In a preferred embodiment of this method, in which the identification transmitter has at least one key coupled to the microcontroller, the microcontroller, for a first predetermined actuation of this at least one key, causes a signal indicating an unlocking request or a locking request to be transmitted by the RF transmitter and receiver. Receiving circuits is sent to the motor vehicle-side control unit. In particular, this preferred embodiment is characterized in a further development in that, for a second predetermined actuation of this at least one key, the steps of switching off the power supply of the LF receiver circuit or a part of this circuit and the displacement of the microcontroller are executed in an energy-saving sleep mode. Preferably, at the second predetermined actuation, two predetermined keys are simultaneously printed or a predetermined key is held printed for a predetermined minimum period of time. In a preferred embodiment, with a third predetermined actuation of this at least one key, the microcontroller is placed in the normal operating mode and caused to turn on the power supply of the LF receiving circuit or the part of this circuit, so that the LF receiving circuit is activated. As pointed out above, these preferred embodiments enable active, manual shutdown of the "passive" function to increase security (avoid relay station attack) with a concomitant low loss of comfort. The user thus has self-control over the activation or deactivation of the "passive" function by turning off the possibilities of receiving a wake-up signal through the identification transmitter or again.

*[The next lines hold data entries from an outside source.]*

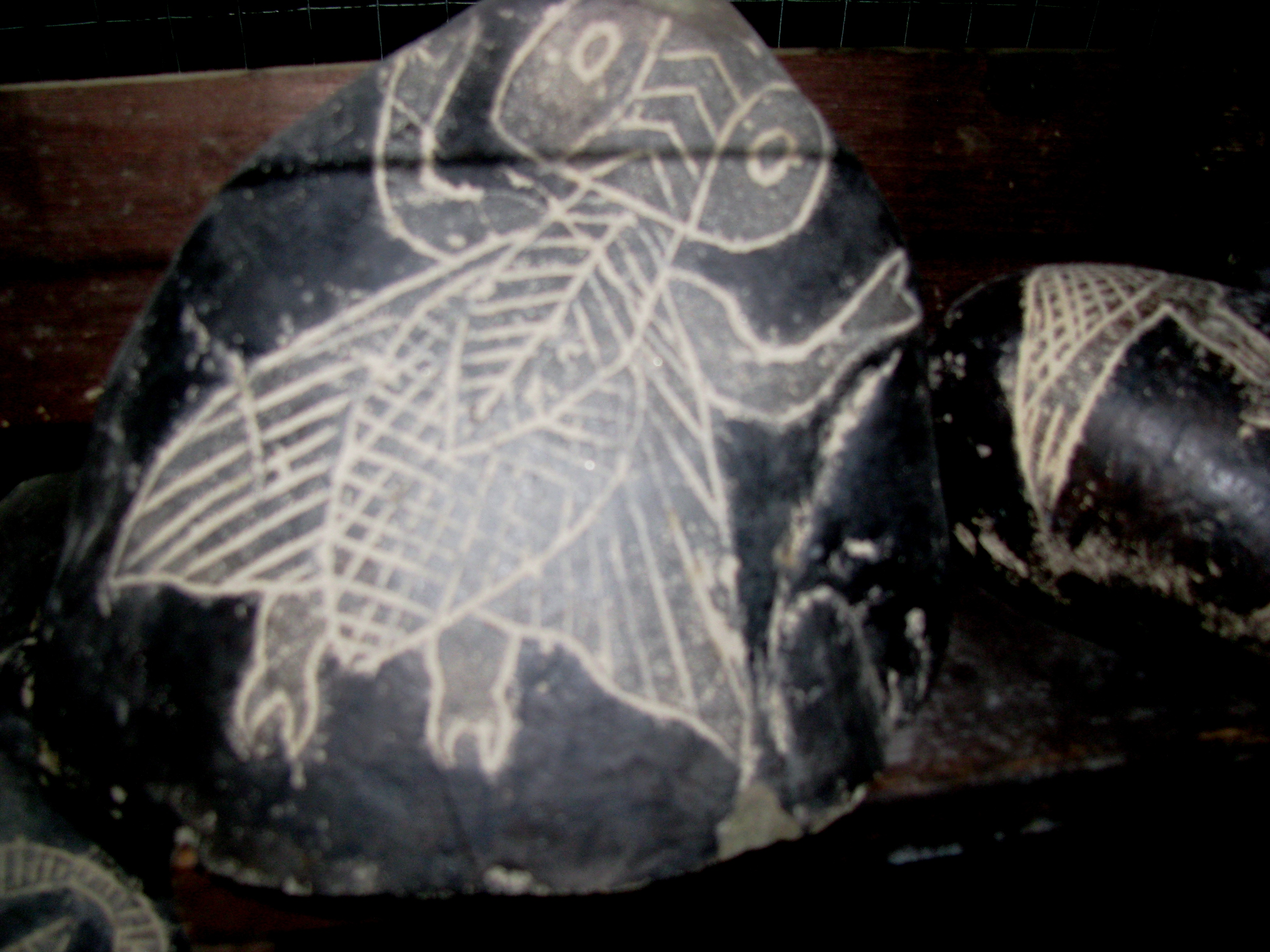 Ica stones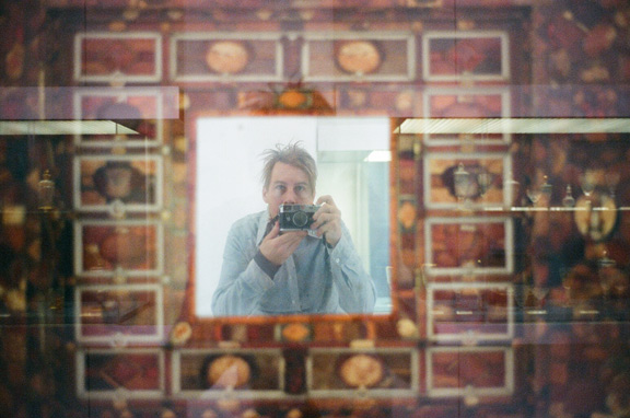 Self-portrait by John Vanderslice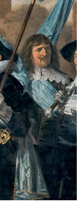 Portrait of Dirck Dicx in The officers and non-commissioned officers of the Saint George Civic guard in Haarlem in 1639, detail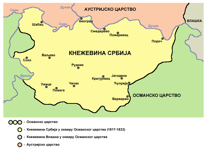 Principality of Serbia in 1817.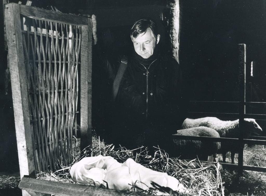 John Wells appearing on television discussion programme John Wells and the Three Wise Men. (c)1988 Open Media Ltd.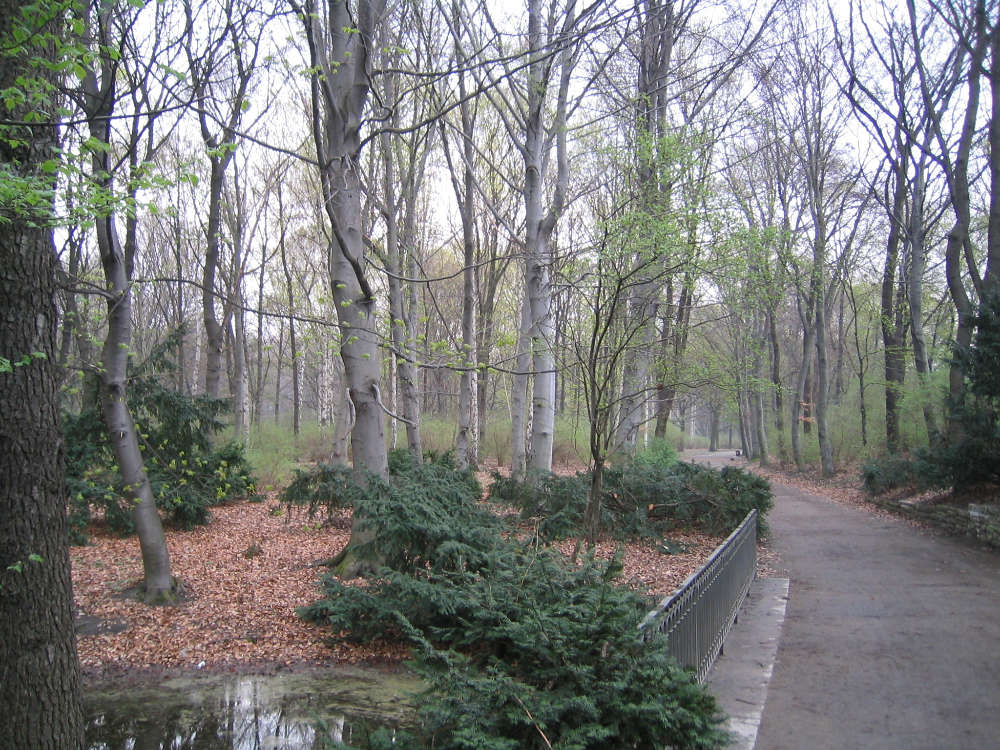 Woodland view in the Tiergarten, Berlin, Germany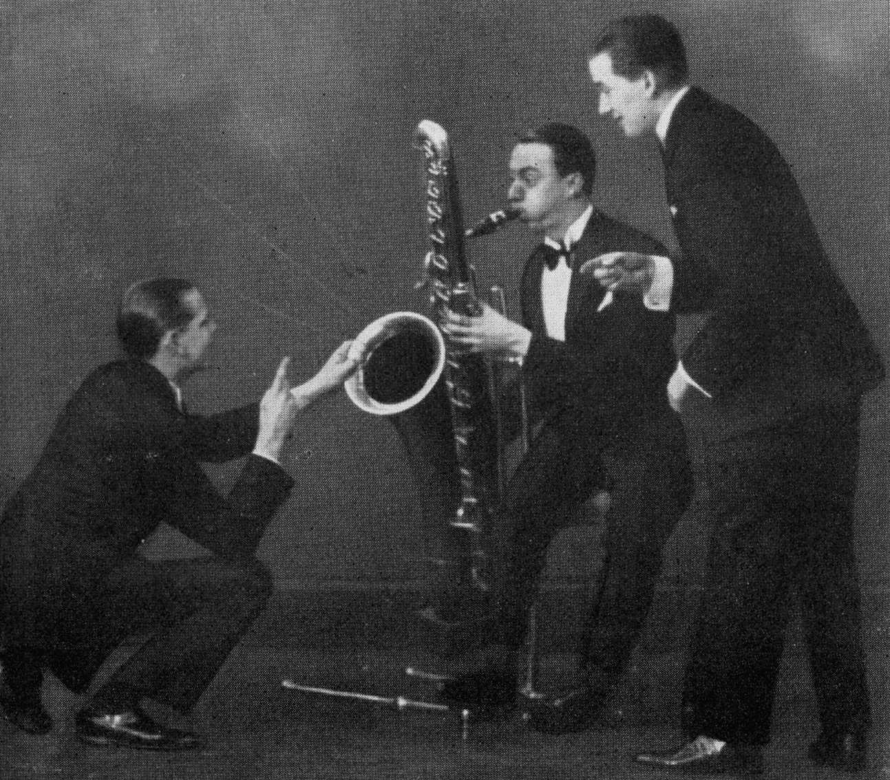 "We Three" a Danish jazz trio active around 1927. From left to right: Leo Mathisen (piano), Anker Skjoldborg (here holding a bass saxophone and later best known as a tenor sax player; according to Lington's book however, Skjoldborg mainly played drums with this group) and Otto Lington (violin).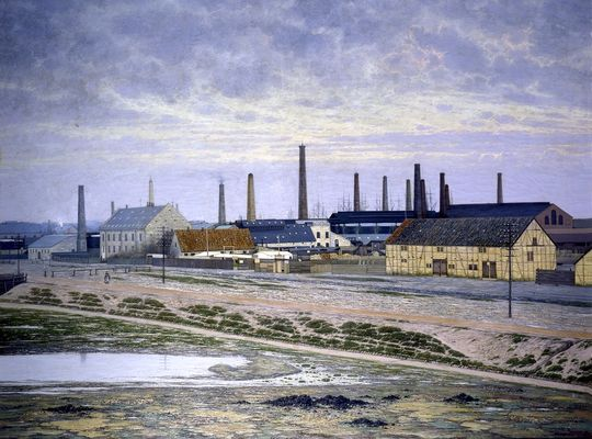 A painting showing Kalvebod Beach and Vester Gasværk in Copenhagen, Denmark

Advantageous and / or preferred developments of the invention are characterized in the subclaims.

In the following, the invention will be explained in more detail with reference to a preferred embodiment shown in the drawing.

In the drawing shows:

1 a schematic block diagram of the identification transmitter according to the invention.

1 shows a schematic representation of the inventive portable identification transmitter 1 for a passive access system of a motor vehicle. In a housing 2 are various circuit components and a supply battery 3 accommodated. The circuit arrangement comprises a microcontroller 4 which contains the usual components, such as a microprocessor, non-volatile memory for programs and configuration data, a volatile memory (RAM) for data storage and various input and output interface circuits and an internal bus system coupling these components. For bidirectional communication with a motor vehicle-side Steuergerat RF transmitting and receiving circuits 5 provided, via lines 13 with input / output ports 14 of the microcontroller 4 are connected. The reception of the RF signals and the emission of the RF signals of the RF transmit and receive circuits 5 takes place via an antenna 23 , The communication between the RF transmit and receive circuits 5 with the motor vehicle-side Steuergerat takes place, for example, in the MHz range. The details of the circuits 5 are in 1 are not shown in any more detail and are not described here in any more detail since they are of minor importance to the essence of the invention.

The identification transmitter 1 contains an LF receiving circuit consisting of receiving coils 7 and LF amplifier circuits 6 , In 1 Although only one receiving coil 7 and an amplifier circuit 6 shown. In fact, the identification transmitter contains 1 however, three reception coils oriented in the three mutually perpendicular spatial directions 7 , each with an associated Empfangsverstarker 6 are coupled. The LF receive circuits are over lines 9 with input ports 10 of the microcontroller 4 coupled. In the way of coupling the LF amplifier to the microcontroller 4 are various embodiments conceivable. On the one hand, the LF amplifiers 6 already one opposite the microcontroller 4 external control circuit which evaluates the received LF signals to determine whether they contain an LF wake-up signal. This control circuit then transmits, if it detects the reception of an LF wake-up signal, a control signal indicating this via the line 9 and the input port 10 to the microcontroller 4 , In alternative embodiments, the LF amplifier circuits could interface directly with analog input ports of the microcontroller 4 be coupled, so that the microcontroller itself takes over the required A / D conversion, evaluation and detection of the reception of an LF wake-up signal.

The microcontroller 4 gives via an output port 12 an output signal via a line 11 to the LF receiving circuit 6 from, this output signal controls the power consumption of the LF receiving circuit. In the simplest case, the LF receive circuits 6 through this via wire 11 output signal of the microcontroller 4 energized. With the help of the output of this control signal via the output port 12 is the microcontroller 4 thus able to Switch the power supply of the LF receiver circuit on or off.

The identification transmitter 1 also includes a passive attitude or motion sensor 17 , This sensor 17 is over lead 15 with an input port 16 of the microcontroller 4 coupled. If the position or motion sensor 17 a position change or movement of the identification transmitter 1 recorded, he gives over management 15 a corresponding signal to the microcontroller 4 out. For example, the sensor contains 17 a mechanically operated switch 18 who is the lead 15 in case of position change or movement of the identification transmitter 1 briefly with a ground connection 19 couples, leaving this momentary ground pulse from the input port 16 of the microcontroller 14 is detected as a sensor signal. For this purpose, for example, a mechanical contact within the sensor 17 loaded with a mass and suspended resiliently, so that a movement of the identification transmitter 1 leads to a rotational movement of the mass and thus the switching contact leads.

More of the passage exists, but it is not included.